In molti Paesi afro-asiatici la violenza sulle donne è a sfondo religioso. Il recente rapporto dell branca canadese della fondazione di diritto pontificio Aiuto alla Chiesa Soffre, intitolato Hear Her Cries: The kidnapping, forced conversion and sexual victimisation of Christian women and girls, conferma una tendenza già nota e terribilmente crescente riguardo agli stupri, ai matrimoni forzati e alle conversioni obbligate. Il documento riporta in modo dettagliato le casistiche ricorrenti, attingendo in particolare alle realtà di Egitto, Iraq, Siria, Mozambico, Nigeria e Pakistan.
Secondo Aiuto alla Chiesa che Soffre le donne e le ragazze costrette al matrimonio o alla conversione sarebbero per più del 70% cristiane. «Gli autori dei reati sanno che l’eventualità di venire condannati si riducono sensibilmente se limitano le proprie aggressioni alle minoranze religiose».
Ma, dice il rapporto, i casi che salgono alla ribalta delle cronache sono soltanto la punta di un iceberg. La maggior parte delle vittime, infatti, tende a tacere per paura di ritorsioni ulteriori. Per l’Aiuto alla Chiesa che Soffre i casi di donne perseguitate e ricattate per motivi religiosi sono infatti da sempre sottostimati, principalmente per la paura di gettare un’onta sulle vittime e sulle loro famiglie. Oltre allo stigma sociale, altro incentivo all’omertà è il timore di ritorsione: le famiglie delle vittime tendono a non parlare per paura di subire violenze ulteriori. In particolare, in Pakistan, la polizia e il sistema giudiziario sono collusi con le persone violente.
Tribunali collusi con l’islamismo
In luoghi dove il cristianesimo è minoranza molte donne cristiane vengono costrette alla conversione, in particolare all’islam, affinché il fondamentalismo trovi nuovi adepti nei loro figli. I combattenti dell’ISIS, per esempio, hanno cercato deliberatamente di ottenere il massimo delle conversioni di donne cristiane in Siria onde assicurarsi una nuova generazione di jihadisti. E In Nigeria Boko Haram usa la violenza sulle donne come strumento per provocare l’esodo di massa dei cristiani dalle aree settentrionali del Paese.
Chi le aiuterà?
Tra i casi riferiti nel rapporto tra cui spicca quello di Farah Shaheen, giovane cristiana pakistana rapita all’età di dodici anni, costretta a sposarsi e poi tenuta in catene come una schiava. Quando suo padre ha denunciato l’accaduto, la polizia si è rifiutata sia di ascoltare sia di verbalizzare. I periti medici del tribunale hanno affermato che la ragazza era grande abbastanza per sposarsi legalmente; quindi, hanno rigettato il certificato di nascita che confermava avesse dodici anni al momento del sequestro.

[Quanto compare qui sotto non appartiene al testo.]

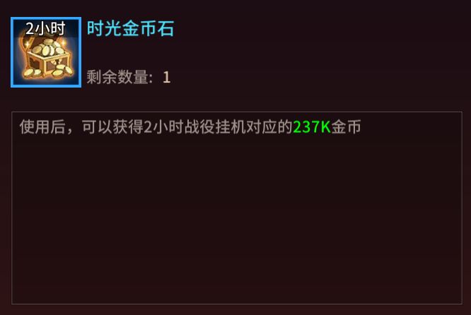 - 金币道具:游戏中有特殊获得金币的道具,该道具可通过关卡副本,活动兑换,商店购买等途径进行获取,最常见的就是2小时挂机金币,金币获取的数量与当前通关的关卡挂钩

Da parte propria le istituzioni politiche e giudiziarie riflettono le norme culturali e religiose della maggioranza e anche nei Paesi dove non vige ufficialmente la shari’a vi sono codici di condotta che tendono a prevalere sulla legge civile. Quindi i tribunali e l’intero sistema giudiziario sono prevenuti nei confronti dei cristiani. «È molto difficile essere una ragazza cristiana nel nostro Paese», afferma una vittima anonima, intervistata dall’Aiuto alla Chiesa che Soffre. «Per questo spesso le nostre ragazze vengono rapite e i soprusi che devono patire sono troppo terribili da immaginare. È davvero spaventoso. Chi è disposto ad aiutarci?».
Le donne (e gli uomini) che hanno a cuore la sorte e la dignità delle donne è di queste cose che dovrebbero occuparsi.